We will discuss the first three bones of the Communicating with FINESSE fishbone diagram in this brief article on communicating inflation and escalation.
Frame the Communication
Start with the Definitions
Inflation is an economic term that indicates the increase in the price of goods and services over time. More precisely, inflation can be defined as a persistent rise in the prices associated with a basket of goods and services that is not offset by increased productivity. Inflation causes purchasing power to reduce. The Consumer Price Index (US) is one way to measure inflation.

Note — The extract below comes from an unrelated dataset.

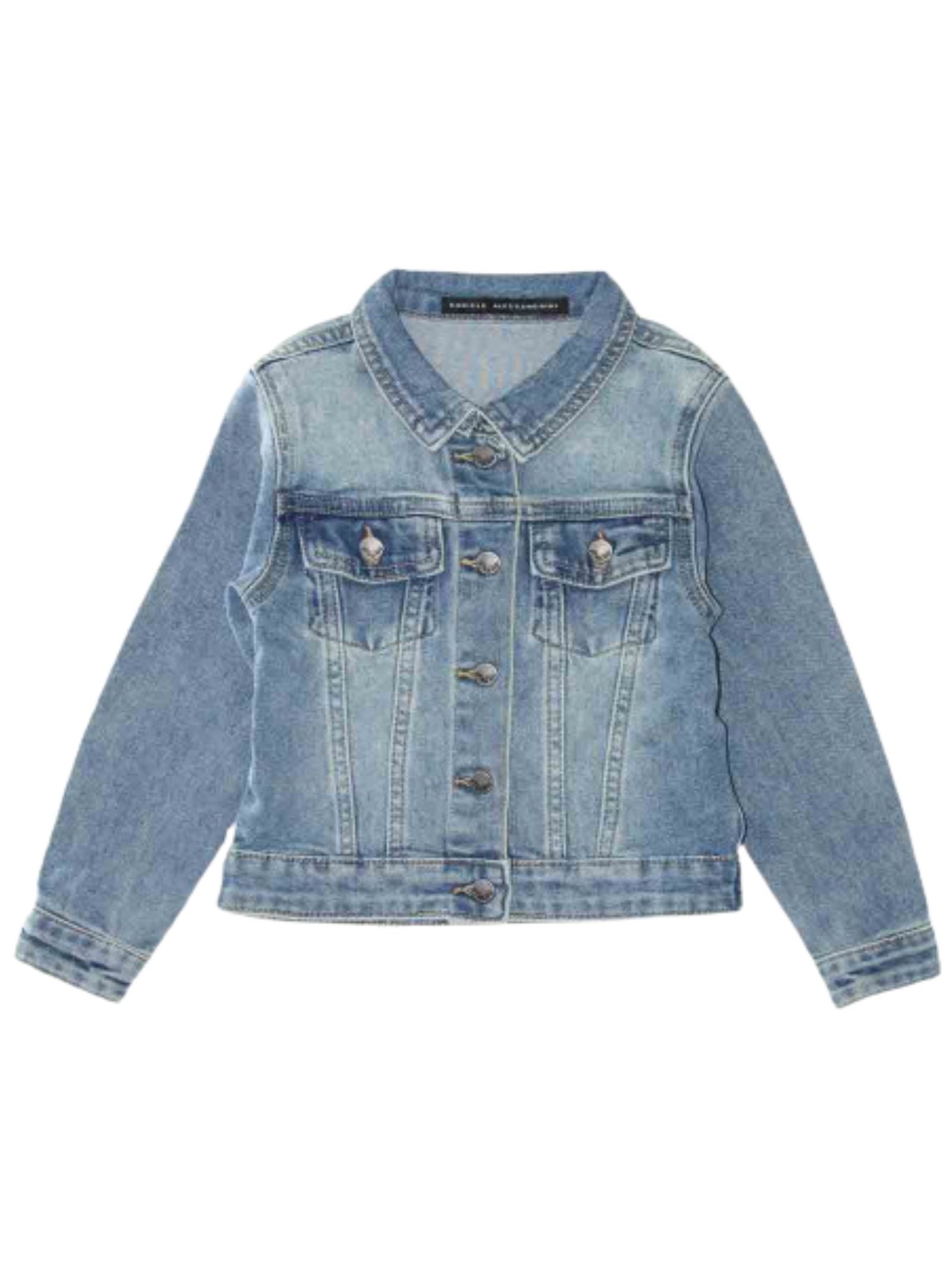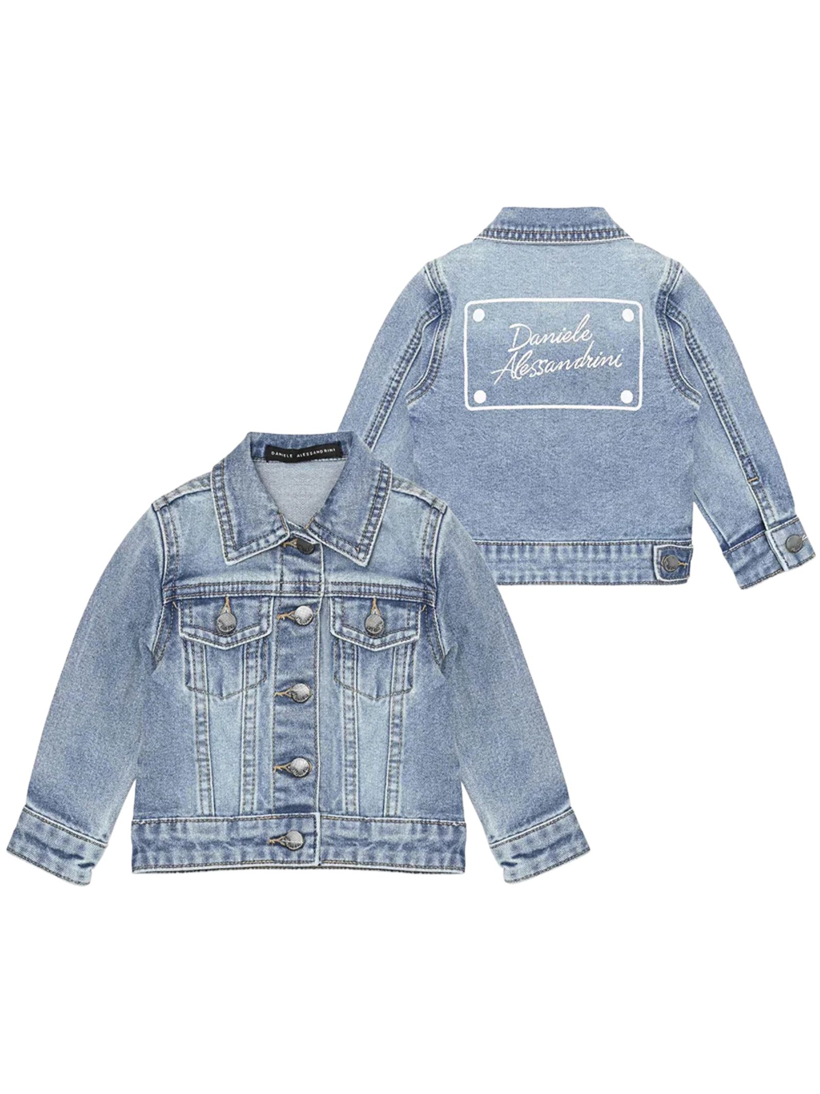 Daniele Alessandrini Kids cotton denim jacket, medium-light wash with fading, long sleeves, two chest pockets, regular fit. Composition: 98% Cotton 2% Elastane

Escalation refers to a persistent rise in the price of specific commodities, goods, or services due to a combination of factors that include inflation, supply & demand, technological changes, environmental impacts, and political effects. The ENR Construction Cost reports, including the Construction Cost Index (CCI) and its Building Cost Index (BCI), are based on labor, specific materials, and specific cities in the US and provide an indication of construction-specific escalation.
Inflation refers to the increased price of a basket of goods and services, while escalation refers to an increase in the price of a specified good or service. Inflation is one of the factors that cause escalation.
Establish the Boundaries
Validating “what is in” and “what is out” of the problem frame is important in both the analysis and the communication. For a theoretical project in Richmond, Virginia, are we considering escalation based on local sources, state resources, or national resources?
Are we examining supply chain impacts from our primary vendors, or are we examining deeper into the supply chain? Are we considering schedule impacts from our expectations of local labor conditions, or are we considering the range of state or regional labor impacts on our contractors?
Our problem frame must be documented if our communication is to be effective.
Illustrate the Communication
Sensitivity Analysis (Tornado Diagrams)
There are seven essential graphics in the Communicating with FINESSE fishbone. Sensitivity analysis, in the form of a tornado diagram, is one of those seven and is especially relevant to communicating escalation and inflation.
The tornado diagram receives its names by the visual image created from wider bars associated with input variables that have more impact on the output being located at the top. In contrast, the narrow bars associated with input variables with less impact on the output are shown at the bottom. Tornado diagrams are modified versions of a bar chart.
Two forms of a tornado diagram should be developed. The primary tornado diagram should show the potential impacts of escalation by class (pumps, motors, switchgear, labor, etc.) and the possible impacts of each class on the total construction costs. Secondary tornado diagrams by types within each class (centrifugal and positive displacement for pumps or mechanical, electrical, and general site for labor) depending on the context of the project.
Consideration of rare events must be incorporated into the communication and analysis. For example, how much of the variation in labor or material costs dues to supply chain issues were included in a base case analysis, and how much was considered a rare event? If and how the potential for rare events was incorporated into the model will be part of the communication.
Reduce the Noise
Balance the Content
The analysis of escalation and inflation is predominately symbolic (numbers, equations, calculations). Financial specialists, engineers, scientists, and other technical professionals think interpretatively in this manner. However, attorneys, policymakers, and non-technical professionals interpret issues narratively. The general public thinks more perceptually (touch, taste, smell, sound) in the form of how the issue touches them personally.
Too many numbers, too many words, or too many stories create noise for how any one group interprets an issue and trusts the communicator.
It takes work when it comes to discussing escalation, but a balanced approach is what it takes to be effective.
Do Not Become Distracted
There is a tendency to expand issues with complexity and uncertainty beyond the current project. Remember, anything outside the frame is potential noise. The war in Ukraine, the energy crisis in Europe, and Chinese threats again Taiwan are relative to global inflation. These issues may or may not be relevant to a drainage project in Richmond, Virginia. Letting the communication wander into global events is likely to generate noise when communicating local escalation impacts.
The takeaway is to be prepared to discuss issues outside the frame in Q&A but avoid being pulled into the trap of creating noise that distracts from the issue at hand.
The influx of federal money into new construction is colliding with a general economy in which prices are rising faster than they have in more than a generation. Even if inflation subsides in the general economy, escalation will continue to increase due to the abovementioned factors (supply & demand, technological changes, environmental impacts, and political effects).
Current project managers and decision makers have not grown up in an era of rising construction escalation and economic inflation.
Your career and your organization depend on you effectively communicating the effects of escalation and inflation. The Communicating with FINESSE fishbone diagram provides a framework for effective communication of information with high levels of complexity and uncertainty.